_What you are asked to do:_
Using the entries that follow, transcribe only the lines from the line with "Custom Air Force" to the line with "屋根あり・コンテナ:10,000円/1ヶ月 敷金:月額賃料の1ヶ月分 |", both included, exactly as they stand and without pictures.

_Source information:_
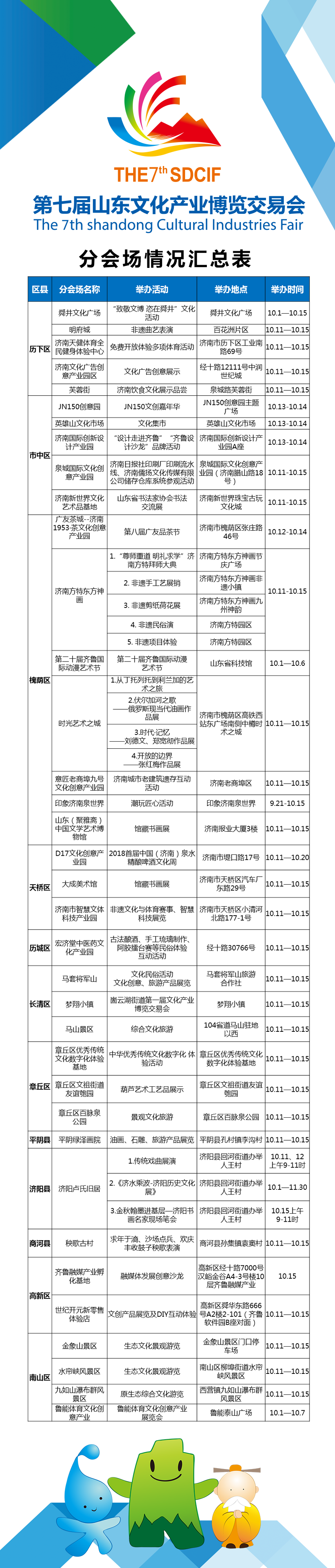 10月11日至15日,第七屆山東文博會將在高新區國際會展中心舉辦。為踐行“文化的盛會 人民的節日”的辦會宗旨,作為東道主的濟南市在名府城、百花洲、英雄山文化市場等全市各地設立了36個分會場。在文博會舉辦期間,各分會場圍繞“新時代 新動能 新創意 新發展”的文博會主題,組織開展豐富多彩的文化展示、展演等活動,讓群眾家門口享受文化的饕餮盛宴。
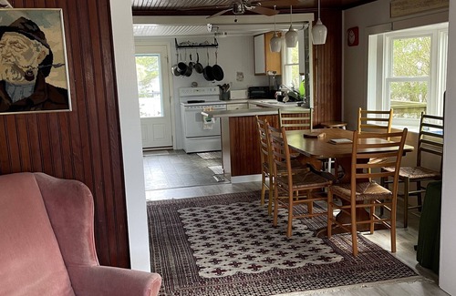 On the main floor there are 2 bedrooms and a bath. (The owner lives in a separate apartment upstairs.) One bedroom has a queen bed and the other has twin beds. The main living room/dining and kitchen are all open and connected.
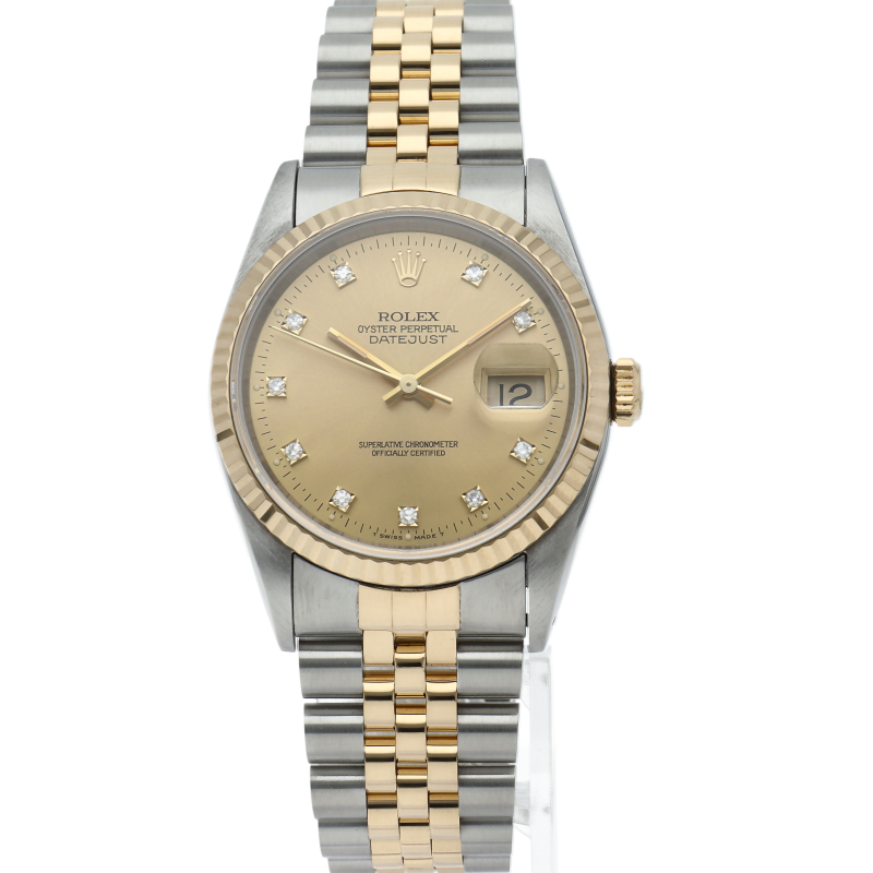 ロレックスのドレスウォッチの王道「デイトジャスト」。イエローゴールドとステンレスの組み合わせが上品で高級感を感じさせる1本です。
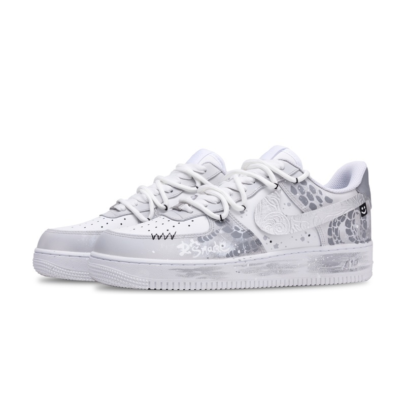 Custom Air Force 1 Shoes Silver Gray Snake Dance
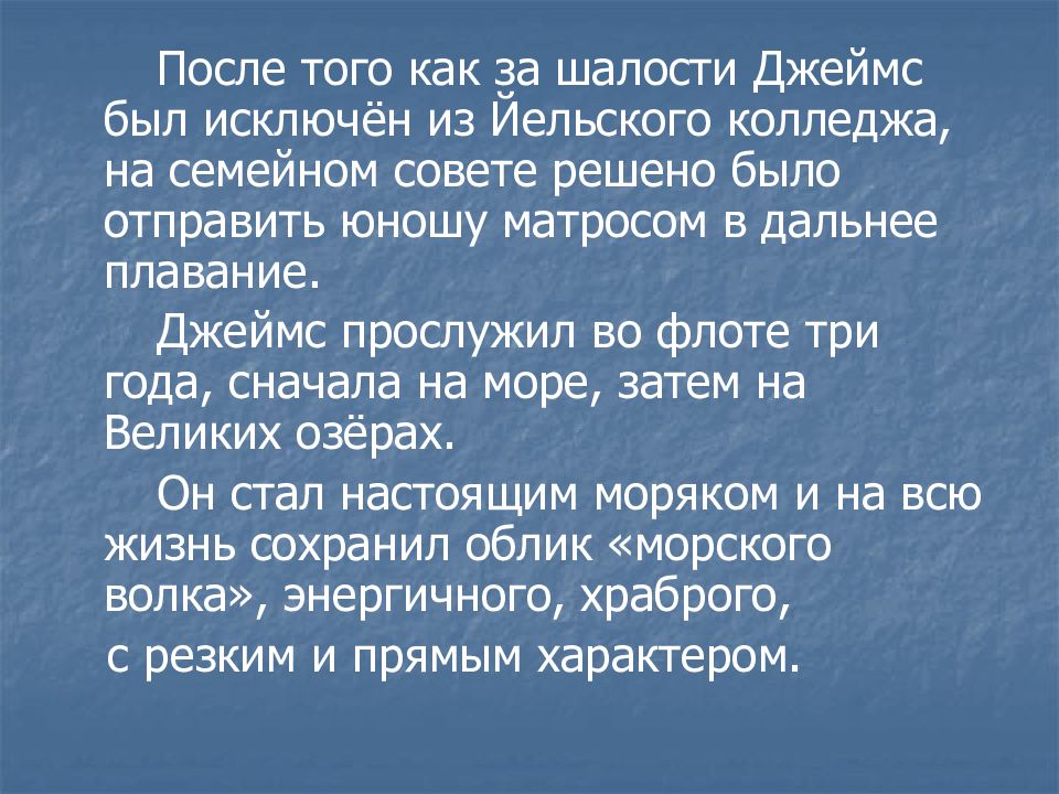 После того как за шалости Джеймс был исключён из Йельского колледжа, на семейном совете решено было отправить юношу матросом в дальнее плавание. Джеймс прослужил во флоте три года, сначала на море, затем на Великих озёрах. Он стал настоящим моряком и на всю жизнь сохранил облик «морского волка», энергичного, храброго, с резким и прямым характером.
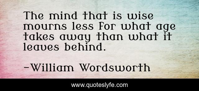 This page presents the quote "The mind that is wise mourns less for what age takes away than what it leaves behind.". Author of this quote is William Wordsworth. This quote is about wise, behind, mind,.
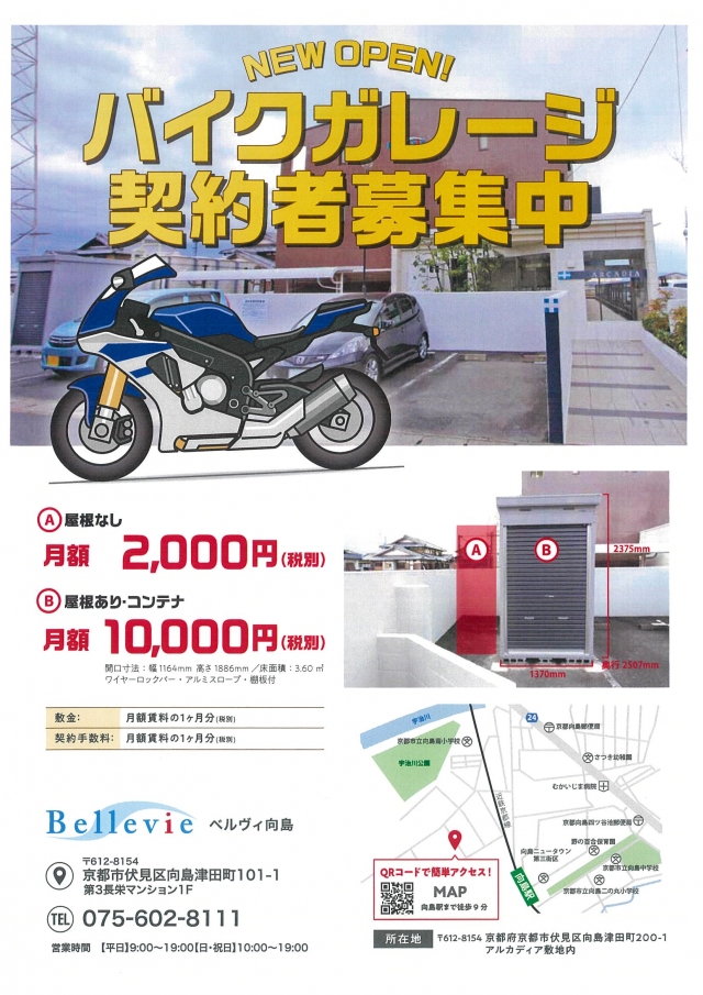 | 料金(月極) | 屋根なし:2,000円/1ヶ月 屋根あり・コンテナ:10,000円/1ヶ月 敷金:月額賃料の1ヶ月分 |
...
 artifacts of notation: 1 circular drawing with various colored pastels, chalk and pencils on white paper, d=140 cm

_Result for this task:_
 Custom Air Force 1 Shoes Silver Gray Snake Dance
 После того как за шалости Джеймс был исключён из Йельского колледжа, на семейном совете решено было отправить юношу матросом в дальнее плавание. Джеймс прослужил во флоте три года, сначала на море, затем на Великих озёрах. Он стал настоящим моряком и на всю жизнь сохранил облик «морского волка», энергичного, храброго, с резким и прямым характером.
 This page presents the quote "The mind that is wise mourns less for what age takes away than what it leaves behind.". Author of this quote is William Wordsworth. This quote is about wise, behind, mind,.
 | 料金(月極) | 屋根なし:2,000円/1ヶ月 屋根あり・コンテナ:10,000円/1ヶ月 敷金:月額賃料の1ヶ月分 |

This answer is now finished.